*** Opening of SOURCE MATERIAL ***
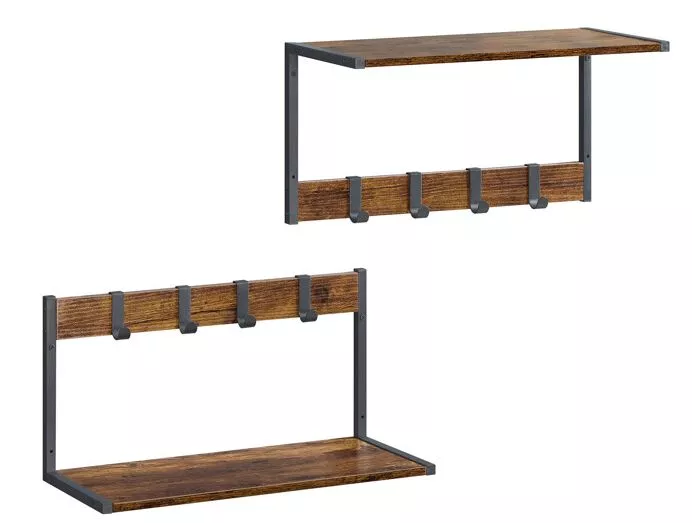 Jedna z políc je navyše vybavená piatimi kovovými háčikmi, ktoré oceníte pri zavesení drobných predmetov? napríklad hrnčekov, kuchynských pomôcok, kľúčov či dekorácií. Povrch dosiek je odolný voči opotrebovaniu a ľahko sa čistí, takže si zachová svoj vzhľad aj pri každodennom používaní.
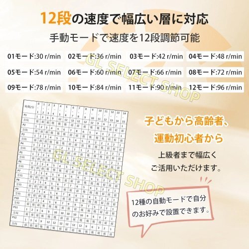 • 【12段の速度で幅広い層に対応】手動モードで速度を12段調節可能。子どもから高齢者、運動初心者から上級者まで幅広くご活用いただけます。12種の自動モードで自分のお好みで設置できます。ご年配の方でも安心! 膝を痛めずに足の筋肉を鍛えられる、理想的な運動補助器具です。座ってトレーニングすれば転倒の心配がなし。
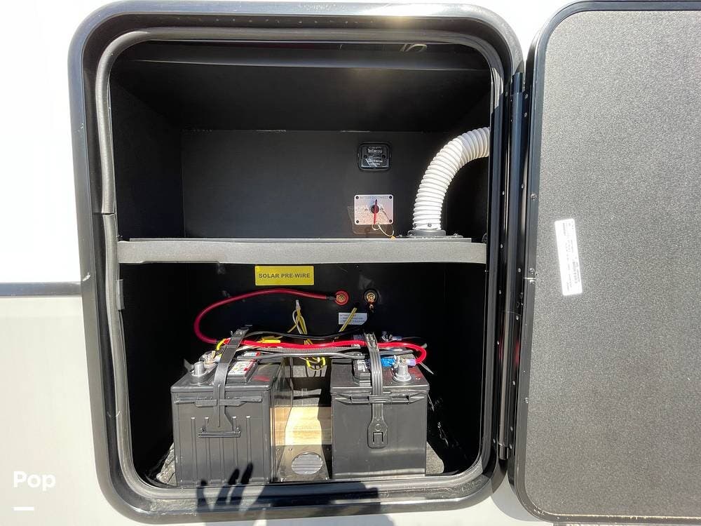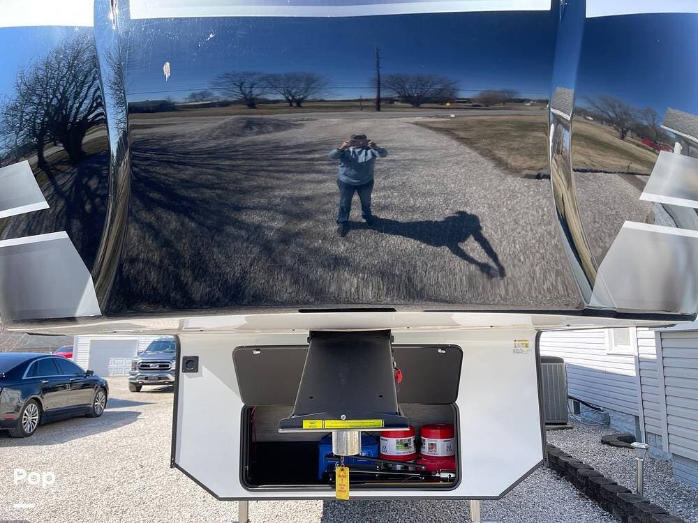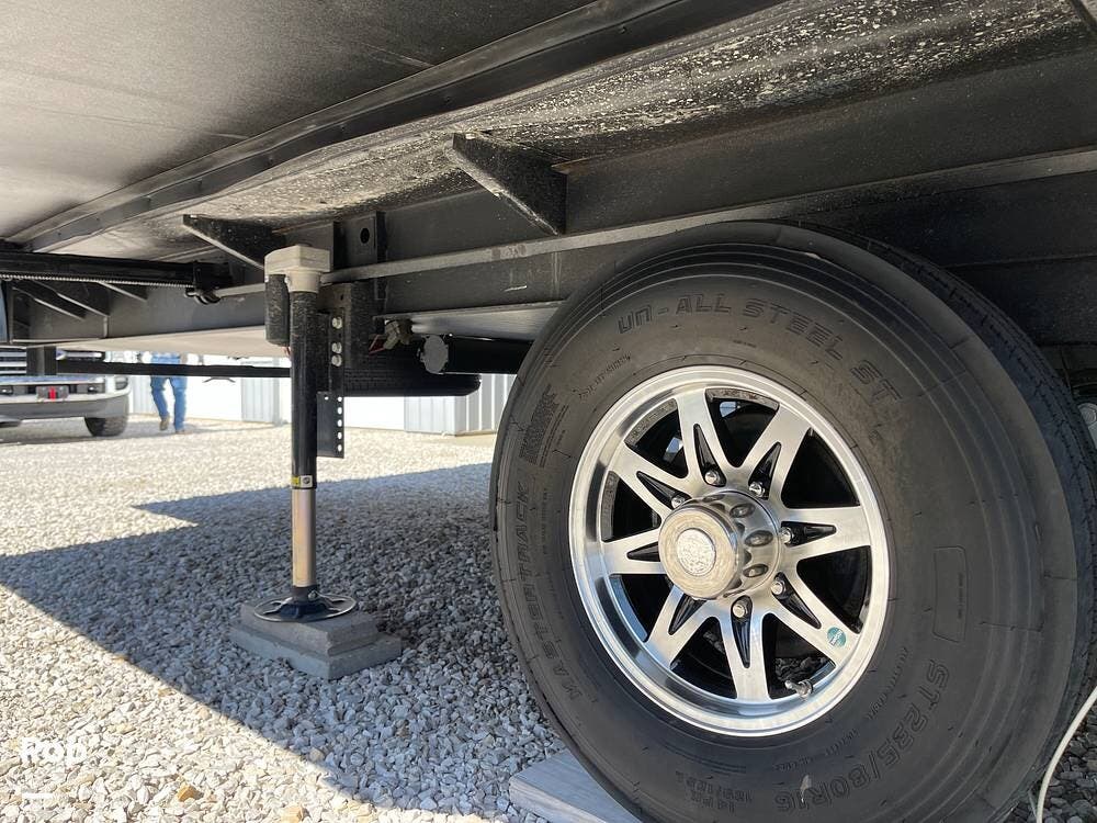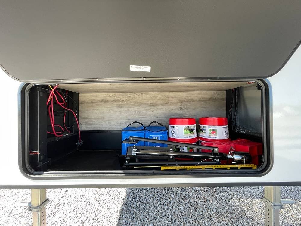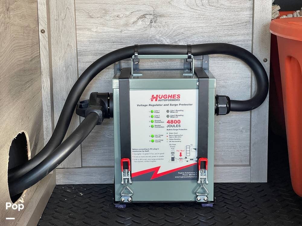 Built for performance and convenience, it has upgraded load range G MasterTrack tires, a Hughes AutoFormer to protect your power supply, a Pullrite Auto Slider Hitch for effortless towing, and Anderson Levelers for quick and easy setup.
*** Close of SOURCE MATERIAL ***
WHAT IS NEEDED =>
Please return each line of the listing exactly as written, excluding the images.

TASK RESPONSE =>
 Jedna z políc je navyše vybavená piatimi kovovými háčikmi, ktoré oceníte pri zavesení drobných predmetov? napríklad hrnčekov, kuchynských pomôcok, kľúčov či dekorácií. Povrch dosiek je odolný voči opotrebovaniu a ľahko sa čistí, takže si zachová svoj vzhľad aj pri každodennom používaní.
 • 【12段の速度で幅広い層に対応】手動モードで速度を12段調節可能。子どもから高齢者、運動初心者から上級者まで幅広くご活用いただけます。12種の自動モードで自分のお好みで設置できます。ご年配の方でも安心! 膝を痛めずに足の筋肉を鍛えられる、理想的な運動補助器具です。座ってトレーニングすれば転倒の心配がなし。
 Built for performance and convenience, it has upgraded load range G MasterTrack tires, a Hughes AutoFormer to protect your power supply, a Pullrite Auto Slider Hitch for effortless towing, and Anderson Levelers for quick and easy setup.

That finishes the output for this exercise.